In 2009, Vanderbilt Divinity School received a commitment of $5,000 per year for five years to provide opportunities for students to engage in learning and experiences to enhance global understanding.
Small focused awards are made on an annual basis to students who, through proposals submitted to the Academic Programs Committee, outline a course of study, research, travel and/or experiential internships that advance global learning and leadership skills. Imagination Grants may be local, regional, national or international.
The Imagination Grant I received allowed me to travel to Iceland and Norway where I spent three weeks in June studying educational programming in the European Union’s prisons. I attended the 2013 European Prison Education Association (EPEA) conference in Hveragerði, Iceland, and conducted independent research while in Oslo, Norway.
I have been interested in prison reform since college, but as a Divinity School student, I have focused my attention on practices and problems associated with rehabilitation in the United States. I chose to study prison implementation and reform in a country other than America because I recognize the need for a model of incarceration that is radically different from any practice implemented thus far in the U.S. The penal system in the U.S. is marked by the continual use of capital punishment, disturbingly high recidivism rates (nearly 70%), and a prison population upwards of 2 million. These factors led to my decision to research an alternative model of incarceration methodology and practice.
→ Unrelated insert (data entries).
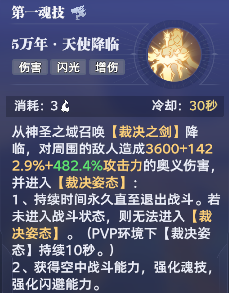 天使降临(第一魂环·奥义):释放后获得10秒【热诚】(霸体免控)与永久【裁决状态】(飞行+强化普攻/蓄力普攻),并获得10层【裁决净焰】,强化普攻消耗【裁决净焰】召唤【净焰天刃】造成额外伤害。
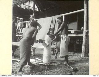 KAKAKOG, NEW GUINEA. 1944-06-27. NATIVE LABOURERS WORKING UNDER THE DIRECTION OF THE AUSTRALIAN NEW GUINEA ADMINISTRATIVE UNIT CONSTRUCT A HUT
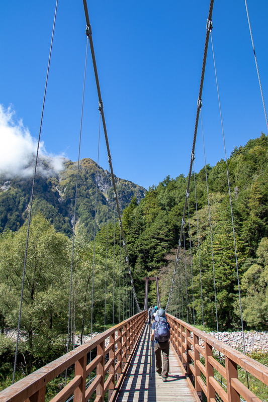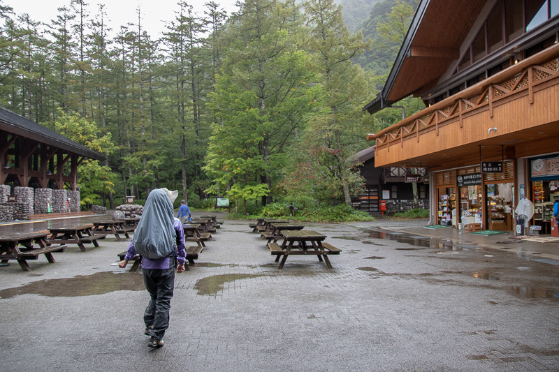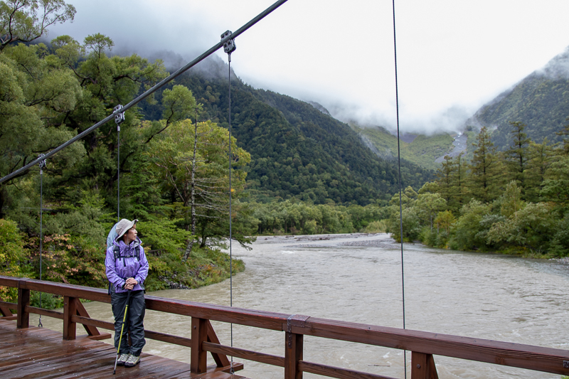 レインスーツを着込んで雨の出発、河童橋も無人で寂しそう
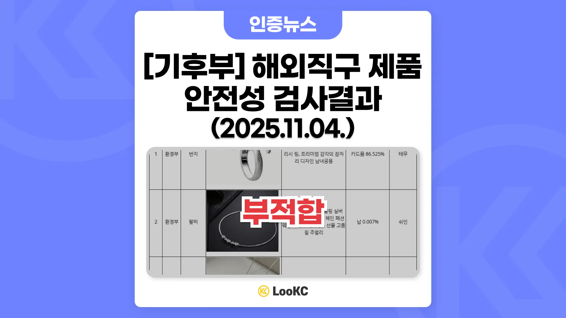 이번 조사에는 성인용 금속장신구에 대해 실시되었습니다.
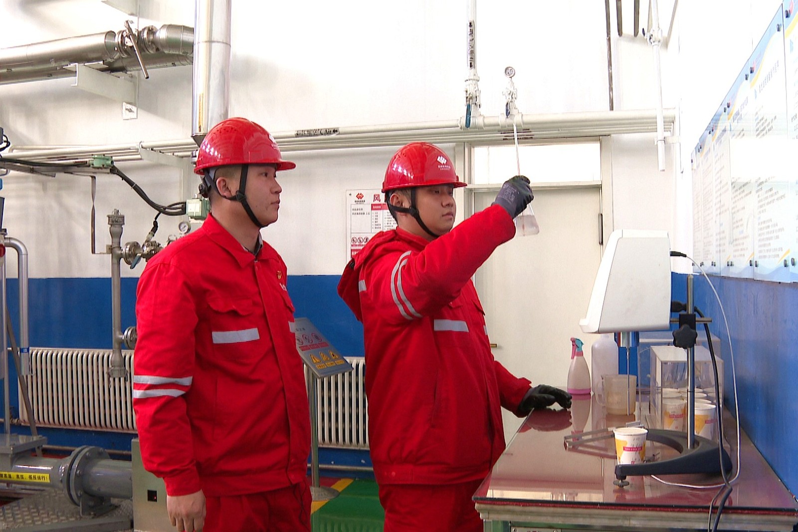 在炸藥廠乳化工房內(nèi),剛?cè)肼毑痪玫拇髮W(xué)生趙博宇正和師傅侯鵬飛進行設(shè)備巡檢。趙博宇的臉上寫滿了認真和專注,侯鵬飛在一旁耐心地指導(dǎo)。
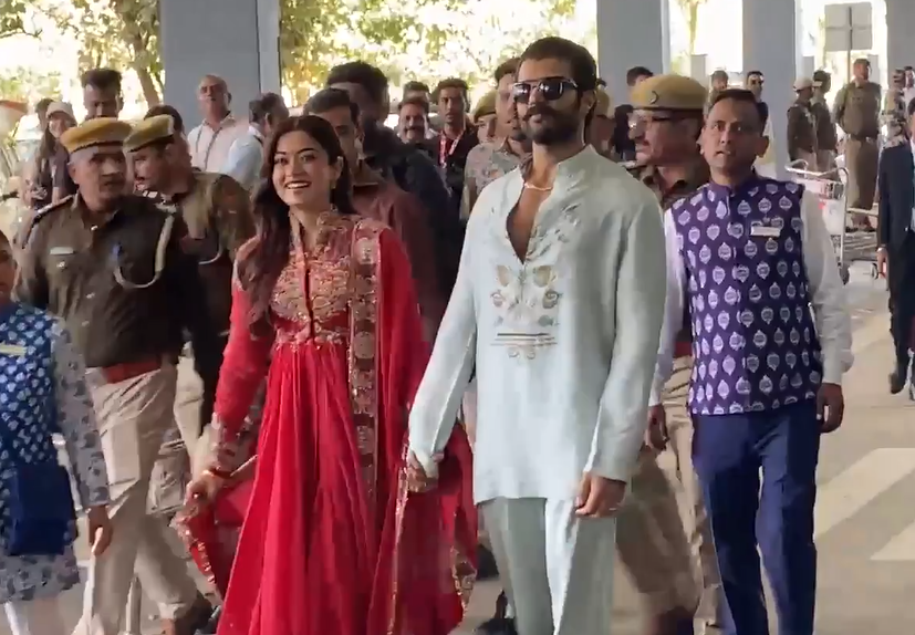 Udaipur (Rajasthan) [India], February 27 Newlyweds Vijay Deverakonda and Rashmika Mandanna arrived at the Udaipur Airport on Friday for a meet and greet session with their fans.

Scandinavia, especially Norway, has received significant press coverage for the progressive character of the region’s models of incarceration. Northern Europe seemed an ideal place where I could learn about different penal practices, and I was fortunate to attend a conference that emphasized education as an integral component for developing an alternative model. The conference inspired me to develop my own understanding of the role of education in a human’s well-being.
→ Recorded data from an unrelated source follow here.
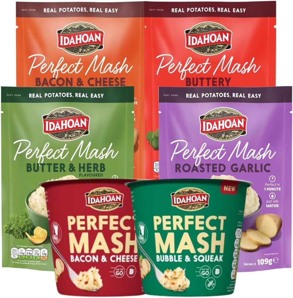 Idahoan Perfect Mash Potato Variety Pack of 8 x 109g - Instant Mashed Potato Family Pack Butter & Herb, Buttery, Bacon & Cheese, Roasted Garlic, Ched
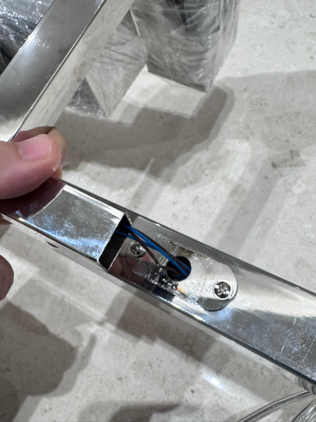 Furthermore, the thin electrical wires have damaged insulation, creating a serious risk of electric shock.As a regular housewife, not a welding technician, I cannot repair welding defects.
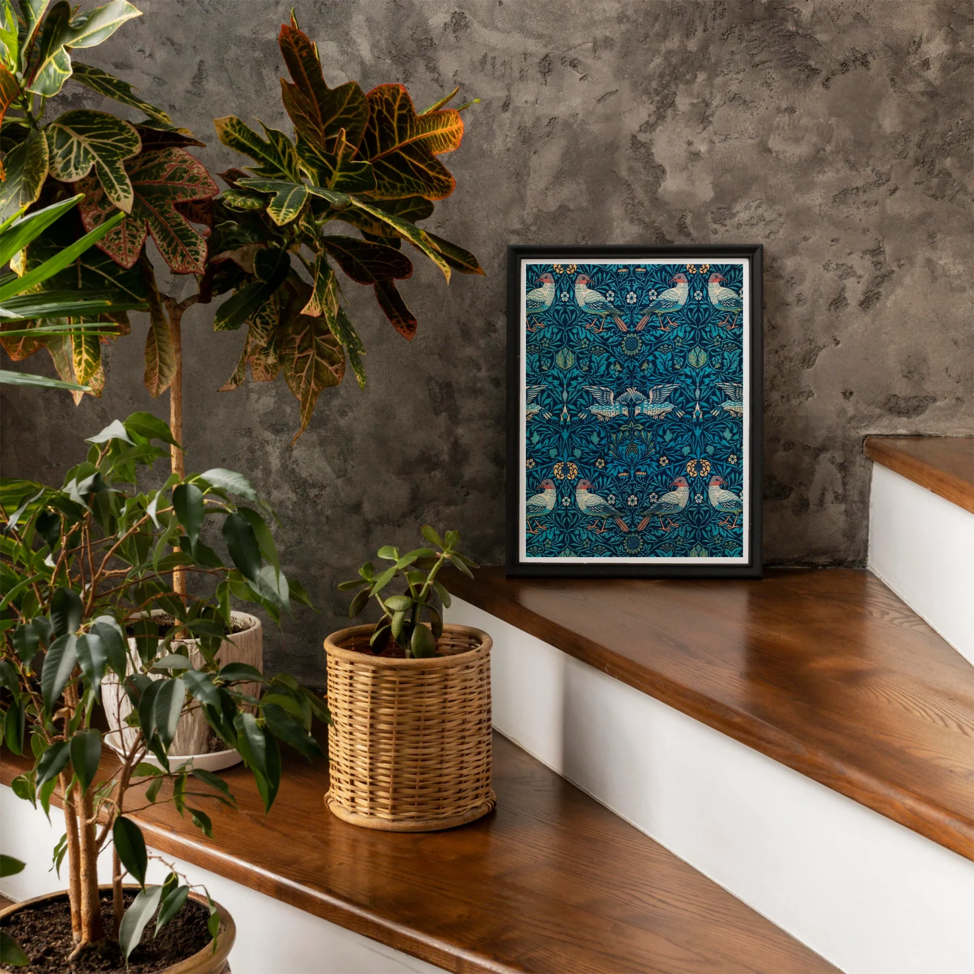 Contra un suntuoso fondo índigo, formas avianas meticulosamente representadas se entrelazan con follaje estilizado, creando una danza hipnotizante de forma y color. Cada ave, exquisitamente detallada desde el pico hasta la cola, encarna la reverencia del movimiento por la artesanía y la armonía del mundo natural. La repetición rítmica de flora y fauna evoca una sensación de elegancia atemporal, mientras que los ricos tonos joya - azules pavo real, verdes terrosos y dorados cálidos - imbuyen la obra con profundidad y vitalidad.

Of the models I studied, none seems viable in the United States. This is not because of the quality of practice but rather the particularities of the populations implementing them. Iceland has a population of 320,000 people, 164 of whom are incarcerated. The difference between an incarcerated population of more than 2 million and just 164 is too great to reconcile on a systemic or institutional level. Despite this disconnection of application, I found a great deal of resonance with the idea of “life-long” and “life-wide” education practices in prison. These approaches to education and learning do not focus solely on job readiness or literacy but suggest the importance of emotional and perceptive intelligence in regard to intra- and interpersonal relationships toward the end of a new approach to “rehabilitation.” Life-wide learning is a practice upon which I am basing my own research and development at Vanderbilt, and the opportunities provided by the Imagination Grant continue to influence my theological education.